**Source data**.
# # # # #

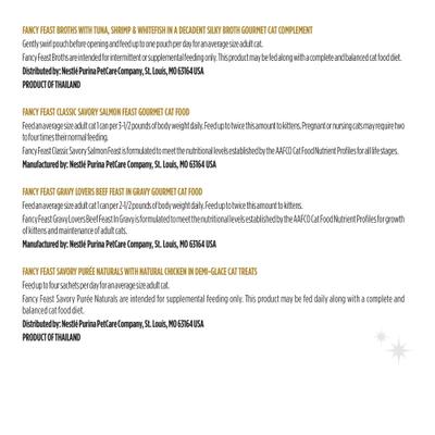 Fancy Feast Broths With Tuna, Shrimp & Whitefish In A Decadent Silky Broth Gourmet Cat Complement: Suggested daily feeding gently swirl pouch before opening and feed up to one pouch per day for an average size adult cat. Fancy feast broths are intended for intermittent or supplemental feeding only. This product may be fed along with a complete and balanced cat food diet.
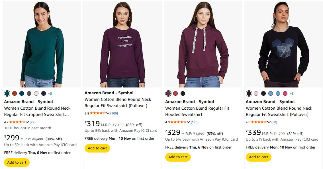 Amazon Brand - Symbol Women's Sweatshirts upto 85% Discount is available on Amazon.
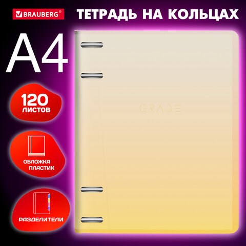 Тетрадь на кольцах БОЛЬШАЯ 305х235 мм А4, 120 л., пластик, с разделителями, BRAUBERG, Желтый, 404624
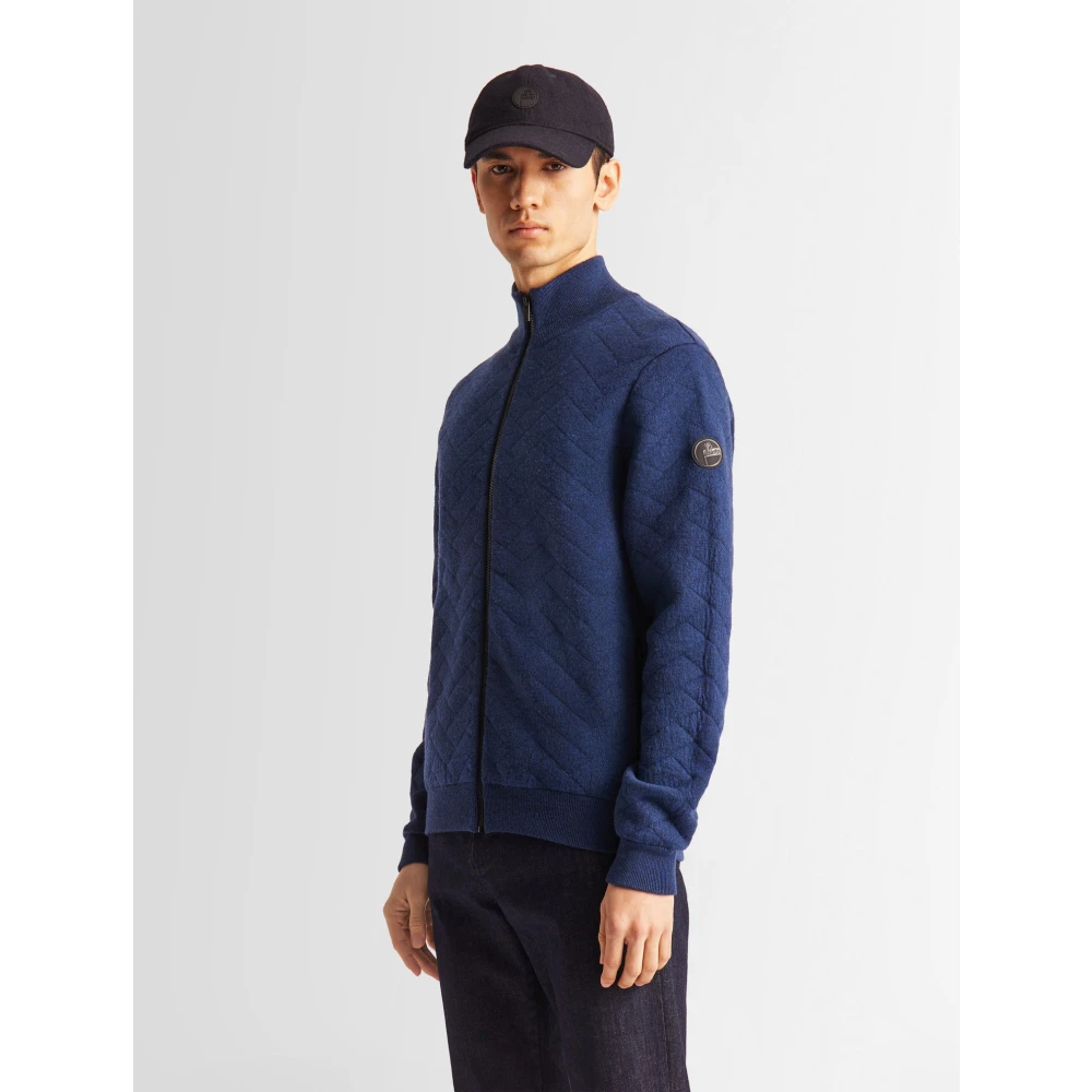 De Brieuc cardigan verleidt met zijn elegante, grafische stijl. Het is gemaakt van merinowol met het nieuwe 3D-effect koolstofpatroon genspireerd op het materiaal dat wordt gebruikt om ski's te maken. Ontworpen met een opstaande kraag, een ritssluiting aan de voorkant en ritszakken, kan deze cardigan alleen gedragen worden in het tussenseizoen of onder een jas in de winter.

# # # # #

**Task objective**. Retype the data word for word and keep the pictures out of it.

**Response to this exercise**.
 Fancy Feast Broths With Tuna, Shrimp & Whitefish In A Decadent Silky Broth Gourmet Cat Complement: Suggested daily feeding gently swirl pouch before opening and feed up to one pouch per day for an average size adult cat. Fancy feast broths are intended for intermittent or supplemental feeding only. This product may be fed along with a complete and balanced cat food diet.
 Amazon Brand - Symbol Women's Sweatshirts upto 85% Discount is available on Amazon.
 Тетрадь на кольцах БОЛЬШАЯ 305х235 мм А4, 120 л., пластик, с разделителями, BRAUBERG, Желтый, 404624
 De Brieuc cardigan verleidt met zijn elegante, grafische stijl. Het is gemaakt van merinowol met het nieuwe 3D-effect koolstofpatroon genspireerd op het materiaal dat wordt gebruikt om ski's te maken. Ontworpen met een opstaande kraag, een ritssluiting aan de voorkant en ritszakken, kan deze cardigan alleen gedragen worden in het tussenseizoen of onder een jas in de winter.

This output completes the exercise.